Security operations center (SOC) analysts and threat hunting professionals are being urged to pay closer attention to edge devices in their environments, as these systems may represent a growing vulnerability in enterprise defenses. According to a recent update from a Google Threat Intelligence Monday briefing, Internet of Things (IoT) and embedded systems powered by MIPS and ARM architectures are increasingly becoming attractive targets for cross-compiled malware that traditional signature-based tools frequently overlook.

As enterprises continue to deploy IoT and edge systems across critical networks, attackers have adapted by developing malware in ELF (Executable and Linkable Format) that is specifically designed for non-Windows architectures. These sophisticated threats often evade detection because they don’t match known signatures used by conventional detection engines, leaving many connected devices operating in environments without adequate visibility into malicious activity.

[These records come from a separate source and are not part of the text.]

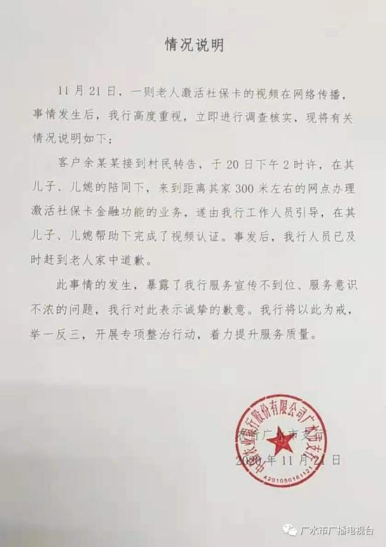 之后,农行广水市支行发布情况说明中表示,客户余某某接到村民转告,于20日下午2时许,在其儿子、儿媳的陪同下,来到距离其家300米左右的网点办理社保卡金融功能的业务,遂由该行工作人员引导,在其儿子、儿媳帮助下完成了视频认证。
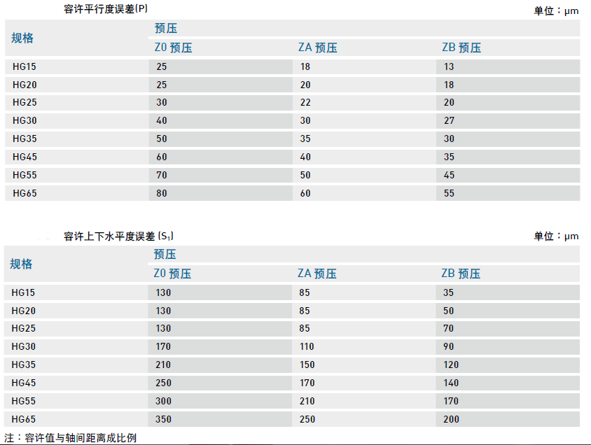 HG系列為圓弧兩點接觸式直線導軌,其自動調心的特性可以吸收安裝面的些許誤差而不影響直線運動的順暢性;下表中注明了安裝平面的容許誤差值: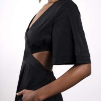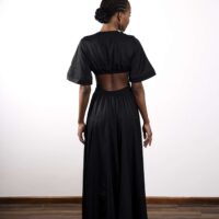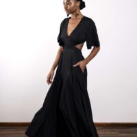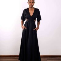 Women black long pleaded dress with side pockets, ruching and open back details.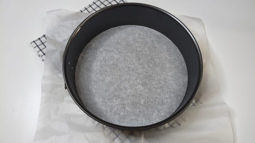 At the base of a springform pan, place a sheet of parchment paper and close it so it remains well stretched. Grease the edge of the pan and cover it with a sheet of parchment paper or acetate cut to size.

The recent Google TIMondays session concentrated on advanced threat hunting techniques to help security teams uncover these stealthy threats. The briefing emphasized the use of advanced search modifiers, combined with CodeInsight results and Agentic AI capabilities, as part of a more proactive strategy for tracking down malicious activity across heterogeneous infrastructure. These techniques allow hunters to formulate queries that go beyond simple pattern matching and instead search for behavioural patterns or anomalies indicative of ELF-based attacks.

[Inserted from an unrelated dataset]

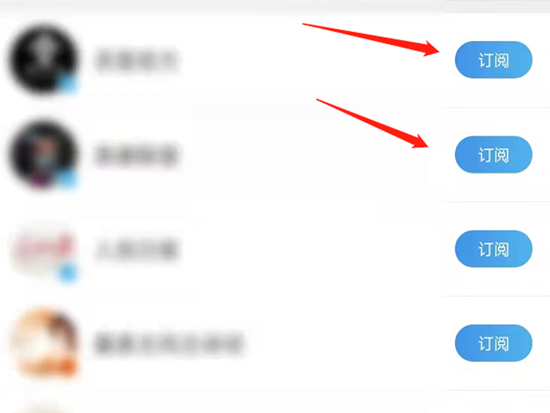 3、点击右上角“+”号标志,进入订阅页面,可以对用户进行订阅或取消订阅。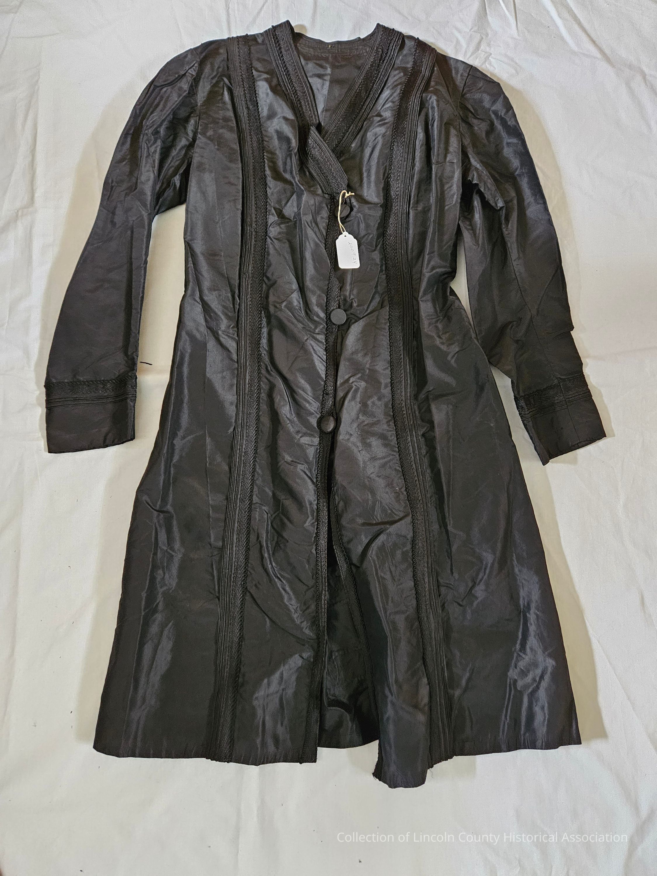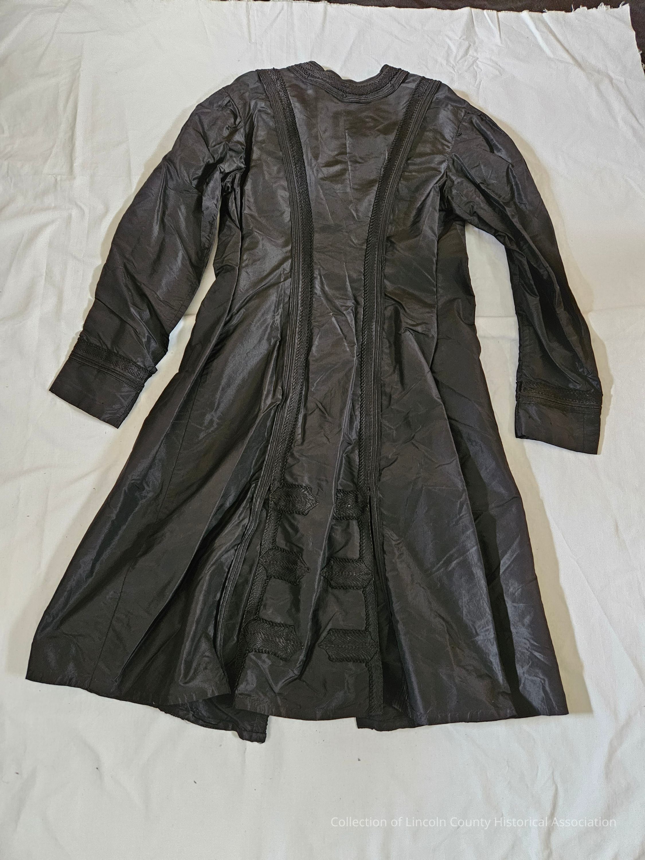 Black silk light walking jacket. Braid trim at cuffs and collar. Two stripes of braided trim down front and back. Three flaps at the bottom back of coat with trim on center flap. Buttons down the front. Machine stitched.Clothing/Dress/Costume Details

Security experts point out that as organizations adopt distributed computing models, including cloud-native solutions and edge-based processing, the traditional perimeters dissolve and attackers exploit these new surfaces. Without robust telemetry from embedded devices, security teams may unwittingly treat these systems as blind spots while sophisticated malware operates undetected.
To assist defenders, the briefing highlighted resources available through Google’s security documentation, including guidance on refining searches with Advanced Search documentation — a toolset that helps analysts tailor their threat hunting queries to the unique traits of ARM and MIPS architectures. By leveraging these tools alongside automated analytics and expert-driven refinement techniques, SOC teams can more effectively uncover evidence of malicious code that would otherwise slip through routine monitoring.
The focus of this initiative underscores an evolving mindset within cybersecurity operations: passive defenses alone are no longer sufficient against adaptable threats. By combining advanced search strategies with AI-assisted analysis, threat hunters and SOC analysts can close visibility gaps and detect complex malware earlier in its lifecycle, strengthening the overall security posture of their organizations.